Assignment: Images in the data are to be skipped, while every line is restated exactly as written.

Information supplied:
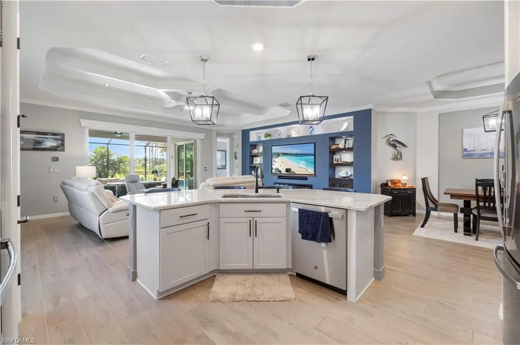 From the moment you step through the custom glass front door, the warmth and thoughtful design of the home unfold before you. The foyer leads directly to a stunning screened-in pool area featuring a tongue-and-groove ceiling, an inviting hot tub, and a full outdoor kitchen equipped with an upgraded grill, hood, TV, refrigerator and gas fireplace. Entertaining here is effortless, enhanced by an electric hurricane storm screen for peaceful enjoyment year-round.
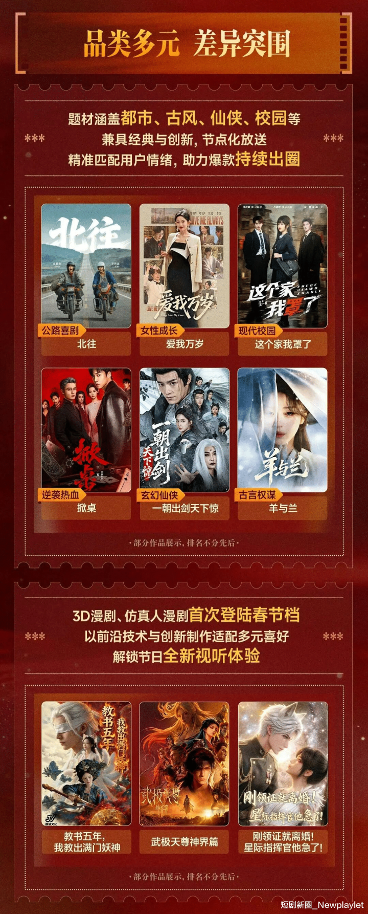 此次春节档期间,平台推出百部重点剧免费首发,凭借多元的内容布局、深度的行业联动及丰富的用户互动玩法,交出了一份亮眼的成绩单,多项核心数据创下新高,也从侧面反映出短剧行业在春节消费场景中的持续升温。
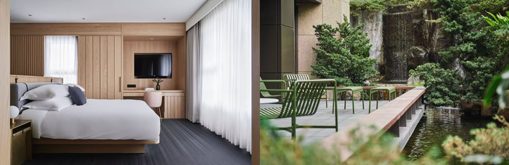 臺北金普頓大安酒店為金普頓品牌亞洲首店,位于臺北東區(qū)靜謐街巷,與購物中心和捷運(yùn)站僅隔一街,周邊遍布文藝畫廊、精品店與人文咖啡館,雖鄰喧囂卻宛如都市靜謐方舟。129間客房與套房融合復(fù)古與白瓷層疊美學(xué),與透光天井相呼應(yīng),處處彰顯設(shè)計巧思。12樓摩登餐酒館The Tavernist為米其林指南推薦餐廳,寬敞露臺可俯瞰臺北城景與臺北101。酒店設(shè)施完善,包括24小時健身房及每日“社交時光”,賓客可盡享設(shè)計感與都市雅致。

Answer space:
 From the moment you step through the custom glass front door, the warmth and thoughtful design of the home unfold before you. The foyer leads directly to a stunning screened-in pool area featuring a tongue-and-groove ceiling, an inviting hot tub, and a full outdoor kitchen equipped with an upgraded grill, hood, TV, refrigerator and gas fireplace. Entertaining here is effortless, enhanced by an electric hurricane storm screen for peaceful enjoyment year-round.
 此次春节档期间,平台推出百部重点剧免费首发,凭借多元的内容布局、深度的行业联动及丰富的用户互动玩法,交出了一份亮眼的成绩单,多项核心数据创下新高,也从侧面反映出短剧行业在春节消费场景中的持续升温。
 臺北金普頓大安酒店為金普頓品牌亞洲首店,位于臺北東區(qū)靜謐街巷,與購物中心和捷運(yùn)站僅隔一街,周邊遍布文藝畫廊、精品店與人文咖啡館,雖鄰喧囂卻宛如都市靜謐方舟。129間客房與套房融合復(fù)古與白瓷層疊美學(xué),與透光天井相呼應(yīng),處處彰顯設(shè)計巧思。12樓摩登餐酒館The Tavernist為米其林指南推薦餐廳,寬敞露臺可俯瞰臺北城景與臺北101。酒店設(shè)施完善,包括24小時健身房及每日“社交時光”,賓客可盡享設(shè)計感與都市雅致。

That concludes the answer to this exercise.